TASK GOAL: Give back, word for word, the lines in the listing below from the one holding "The tri-section pulling" down to the one holding "Am not sure", both ends included.

EXTRACTED MATERIAL Block Start

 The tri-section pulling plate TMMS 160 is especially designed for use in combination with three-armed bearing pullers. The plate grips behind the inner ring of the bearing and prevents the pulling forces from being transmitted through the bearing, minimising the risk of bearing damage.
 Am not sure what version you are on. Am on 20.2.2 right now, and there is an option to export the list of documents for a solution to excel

EXTRACTED MATERIAL Block End
EXTRACTED MATERIAL Block Start

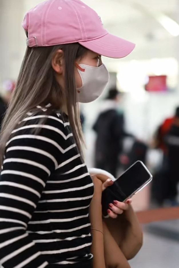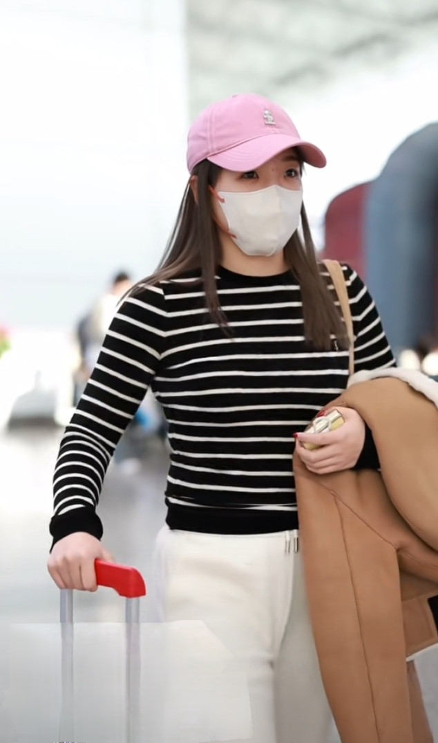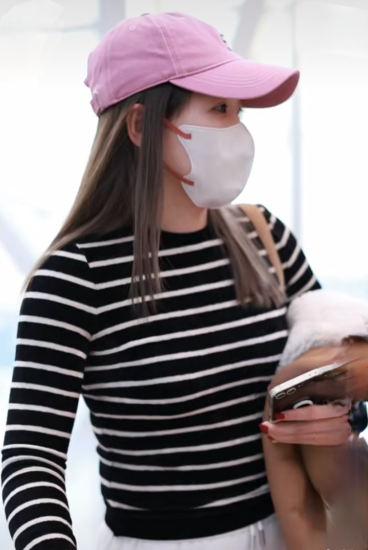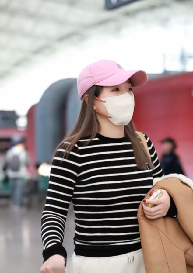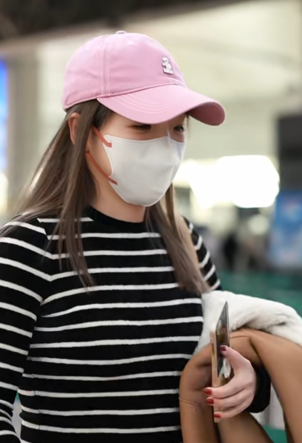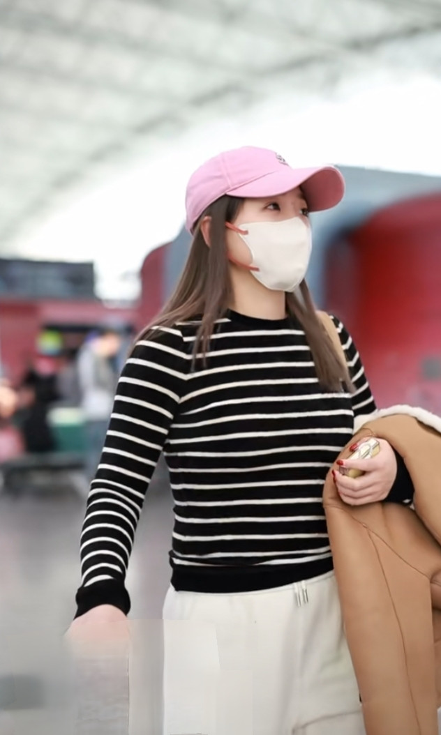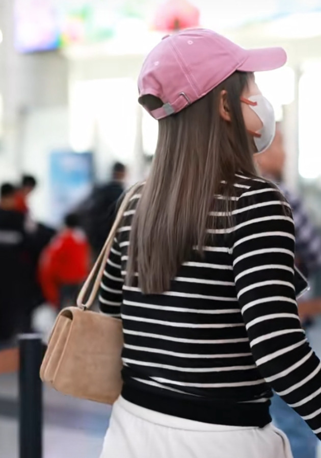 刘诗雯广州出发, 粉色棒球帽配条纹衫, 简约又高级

EXTRACTED MATERIAL Block End

EXERCISE RESULT:
 The tri-section pulling plate TMMS 160 is especially designed for use in combination with three-armed bearing pullers. The plate grips behind the inner ring of the bearing and prevents the pulling forces from being transmitted through the bearing, minimising the risk of bearing damage.
 Am not sure what version you are on. Am on 20.2.2 right now, and there is an option to export the list of documents for a solution to excel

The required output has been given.